Обратимся к великому русскому писателю Ивану Тургеневу и его роману «Отцы и дети»:
Мой сын сегодня впервые
Стал мне перечить.
Старость – не радость.
- Как тут нам не вспомнить и картину «Иван Грозный убивает своего сына» и пресловутый Эдипов комплекс?! При этом сам писатель – невротик, а его мать с ее крутым нравом – монстр, Кронос в женской ипостаси, готовый пожрать свое чадо. Остается загадкой, нашел бы Тургенев выход из этого почти уже соматического тупика, не повстречай он Полину Виардо и ее мужа – владельца театра и известного парижского вампира?
Вспомним и о Достоевском с его антиницшеанским романом «Преступление и наказание». Кстати, - доверительно сообщил Михал Юрьич, - удивительно то, что Достоевский восстал против ницшеанства еще ДО того, как оно возникло вследствие появления его романа. Это лишний раз доказывает тот факт, что Достоевский был текстуальным квазигенератором, а его книги, в частности «Бесы», породили множество катаклизмов, в том числе и саму бесовщину как вторичный Текст. Но, вернемся к роману:
Топор, старуха.
Умереть так, чтоб с ветки роса,
Так эта тварь дрожащая - я?!
- Отметьте эту последнюю, будто выдернутую ветром из Корана строку. Вопрос ли это или утверждение? Или отрицание? Чтобы понять это, нужно оценить самурайскую эстетику романа, а именно – так называемое самоубийство Свидригайлова. Свидригайлов, ставший вампиром благодаря свой жене, в течение четырех месяцев безуспешно пытался инициировать Дуню. И вот два вампира столкнулись в мрачном Петербурге лицом к лицу – он, Свидригайлов, и брат Дуни, Родион. Они чувствуют лютую ненависть друг к другу, потому что каждый хочет заполучить ее первым. Кто победит? Конечно, центральная фигура романа, Свидригайлов, инсценировавший свою смерть (как известно, из револьвера убить вампира невозможно) и вселившийся в тело Разумихина, будущего жениха Дунечки.
Сегодня будут рубить,
Но я не смогу им помочь.
Мисюсь, где я?
- «Вишневый сад» Антона Чехова. – Задумчиво произнес Михал Юрьич. – Это, пожалуй, единственный случай, когда судьба автора сама по себе является, так сказать, первичной для внимательного исследователя, а его произведения как бы отступают на второй план. Чехов, родившийся в городе с таким мистическим названием, расположенным в том самом месте, где скифы приносили кровавые жертвы своему богу Папаю, и, как известно, долгое время сам бывший активным вампиром, к моменту своего отъезда на сакральный СахаЛин инициировал почти всю труппу театра, за исключением великого Станиславского, и то из-за несоответствия группы крови. Сюжетный же ряд вишневого сада для нас не столь важен, сколь важна эта красная, вишнево-кровавая эстетика, это непрерывное, гнетущее ожидание смерти-кровопускания, все эти беспредметные, ни к чему не ведущие разговоры вокруг будущего пиршества, все эти вампирические персонажи, как бы столпившиеся в гостиной и, ведя полу-светскую, полу-демоническую беседу, ожидающие, когда их позовут к столу.
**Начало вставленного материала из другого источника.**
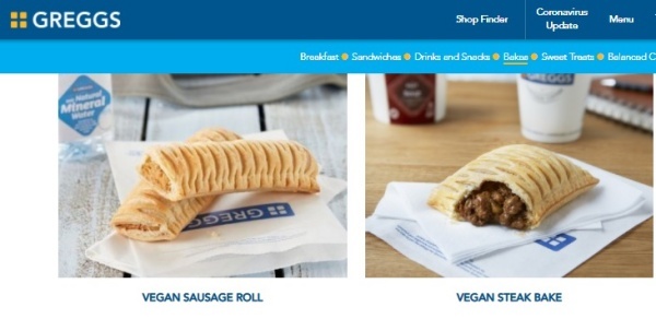 ▲비건 소시지 롤과 비건 스테이크 베이크 제품(출처 : 홈페이지)

Есенин, певец деревенских погостов и жертвенных рощ. Он сам подобен жрецу, которого убивает его преемник, чтобы стать новым жрецом. Отсюда – это непередаваемое патологическое стремление к смерти, постоянные параноидально-заискивающие напоминания о ней кому попало – березкам, листве, сенокосу, но прежде всего тому, кто приходит за ним, читателю-убийце, читателю-вампиру, умерщвляющему автора и капля за каплей высасывающему из него кровь. Ведь, как известно, текст, в котором растворен автор после своей квазисмерти, в котором он продолжает свою квазижизнь, сам является живым лишь до тех пор, пока читатель не вычленит из него какой-нибудь смысл, подходящий именно ему – читателю.
«Отговорила
роща золотая» -
Пусть скажут так и обо мне.
- Завершая наш курс классической русской литературы, мы подходим к ее трагическому венцу – Александру Блоку. Вглядитесь в его образ, - Михал Юрьич вытянул руку, указывая на портрет в рамке, прикрепленный к стене, - и вам, товарищи, все станет ясно без слов. Да, природа распорядилась так, что Александр Блок воплотил в себе не только всю русскую литературу в ее кровной идейной парадигме, но и генетически, обликом он является самым совершенным представителем классической русской литературы. Эта бледность, эти круги под глазами, эти губы и эта вековая тоска жителя заброшенного средневекового замка:
В белом венце из ветки сакуры с каплей крови
Рука об руку -
Палач и жертва.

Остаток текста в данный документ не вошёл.